● **Exercise aim**
Extract the listing below in full, unchanged.

● **The data**
* * * * *

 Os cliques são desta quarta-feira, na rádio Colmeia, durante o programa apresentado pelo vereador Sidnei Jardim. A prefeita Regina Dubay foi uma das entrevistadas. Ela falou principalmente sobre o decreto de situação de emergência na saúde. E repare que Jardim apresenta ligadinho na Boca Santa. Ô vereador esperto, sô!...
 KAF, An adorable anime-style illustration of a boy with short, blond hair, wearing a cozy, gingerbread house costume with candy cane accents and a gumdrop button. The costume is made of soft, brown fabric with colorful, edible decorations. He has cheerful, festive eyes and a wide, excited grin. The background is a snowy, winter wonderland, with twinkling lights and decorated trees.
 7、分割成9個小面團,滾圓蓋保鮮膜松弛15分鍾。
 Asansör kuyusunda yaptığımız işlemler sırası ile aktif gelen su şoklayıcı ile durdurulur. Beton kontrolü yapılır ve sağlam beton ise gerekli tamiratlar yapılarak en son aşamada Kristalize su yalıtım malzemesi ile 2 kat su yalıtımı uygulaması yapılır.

* * * * *

● **Result**
 Os cliques são desta quarta-feira, na rádio Colmeia, durante o programa apresentado pelo vereador Sidnei Jardim. A prefeita Regina Dubay foi uma das entrevistadas. Ela falou principalmente sobre o decreto de situação de emergência na saúde. E repare que Jardim apresenta ligadinho na Boca Santa. Ô vereador esperto, sô!...
 KAF, An adorable anime-style illustration of a boy with short, blond hair, wearing a cozy, gingerbread house costume with candy cane accents and a gumdrop button. The costume is made of soft, brown fabric with colorful, edible decorations. He has cheerful, festive eyes and a wide, excited grin. The background is a snowy, winter wonderland, with twinkling lights and decorated trees.
 7、分割成9個小面團,滾圓蓋保鮮膜松弛15分鍾。
 Asansör kuyusunda yaptığımız işlemler sırası ile aktif gelen su şoklayıcı ile durdurulur. Beton kontrolü yapılır ve sağlam beton ise gerekli tamiratlar yapılarak en son aşamada Kristalize su yalıtım malzemesi ile 2 kat su yalıtımı uygulaması yapılır.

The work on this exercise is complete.